By a curious coincidence Arnoldb has just asked me how I part off over in the A WORK IN PROGRESS SECTION A BEAM ENGINE. I use a rear mounted parted off tool in my Myford. Best thing I ever did.





Cheers

Rich


----------



## jpeter (Sep 19, 2010)

You guys using armstrong type parting tools wanting to improve your parting operations ought to add a prop under the nose of the tool. Once I had a 9 inch Clausing lathe with a lantern post and rocker tool holder. When parting I'd place a short length of stock under the cutting end of the parting tool to the base to prop up the tool. It really helped reduce the chatter. 
Never tried mounting the tool on the back of the table. Looks good though cause the chips would drop out. Don't have trouble lifting the table?


----------



## Woz (Sep 20, 2010)

Thanks for the advice. I'll give it a go and see if it improves on the current results.

Woz


----------



## Xlmyford (Sep 20, 2010)

firebird  said:
			
		

> Hi Woz
> I use a rear mounted parted off tool in my Myford. Best thing I ever did.
> 
> 
> ...



Hello.
I like to hear that.
My rear tool post,castings and drawings by Hemingway Kits, is almost finished.
















Ralph


----------



## jpeter (Sep 20, 2010)

Hey Woz, comment on how the prop works. I'd like to hear about it.


----------



## Huntinguy (Sep 24, 2010)

In the world I live in (production machine shop), we would sometimes part off in reverse for the simple reason the part would not try to lift off and hit us. Instead it sends it down into the chip tub of the machine.

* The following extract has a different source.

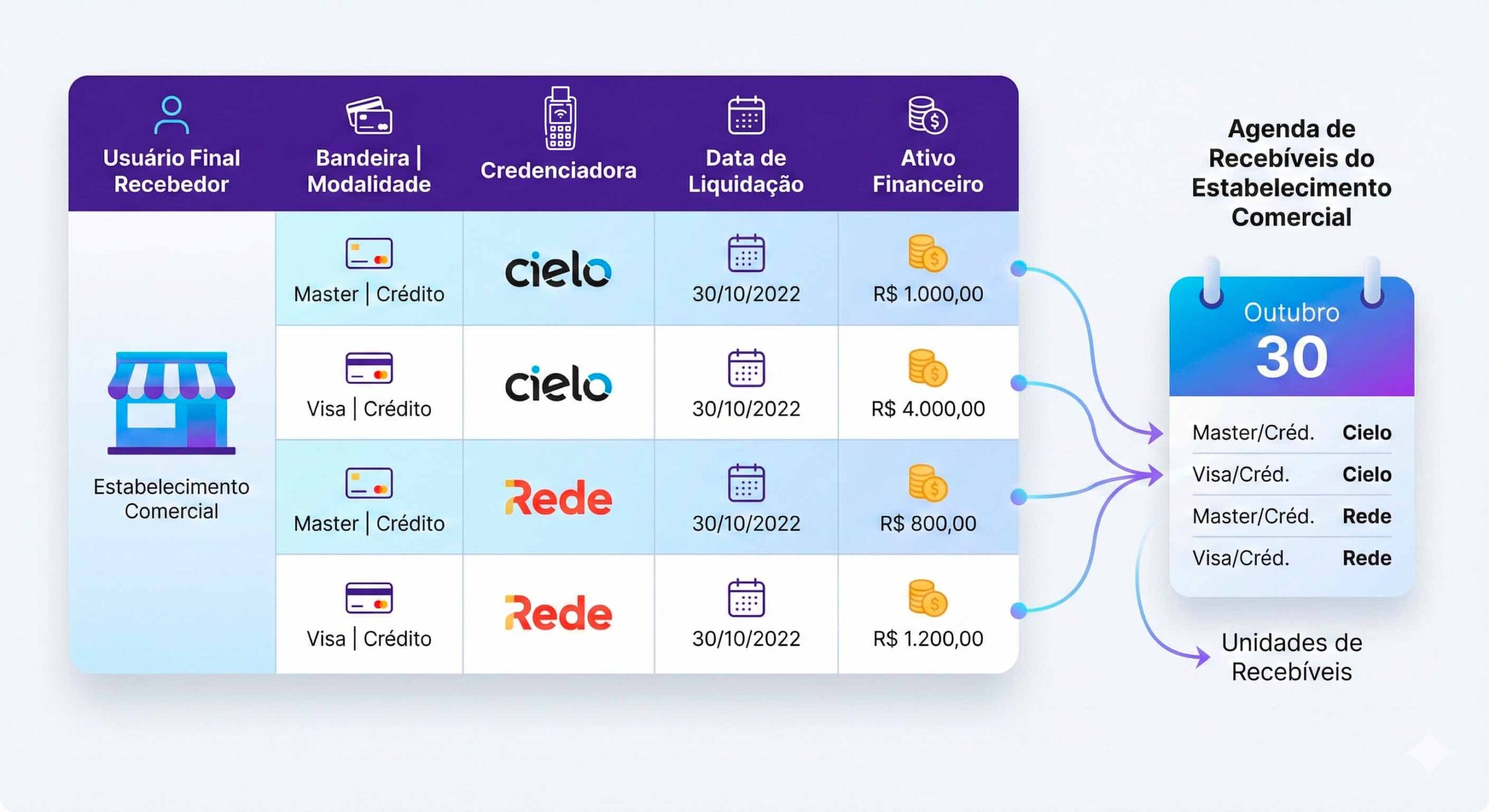Exemplo de Agenda de Recebíveis de um Estabelecimento Comercial que utiliza um POS da Cielo e outro da Rede

For the most part we don't do that anymore. NCs have taken over... btw, some of them run in reverse all the time. 

Another time to run in reverse... if you are making lots of small chips and they are coming out and making a mess... well, if you run in reverse with the tool upside down... all the chips go straight down - much cleaner in the shop. Obviously you cannot make heavy cuts or have a screw on chuck like I have on my machine. 

This discussion brings back memories... been a long time since I started in the trade.

FWIW: I have worked with some very impressive machinists and tool and die makers... You guys, on this forum, don't have to take your hats off to anyone...
 Thm:


----------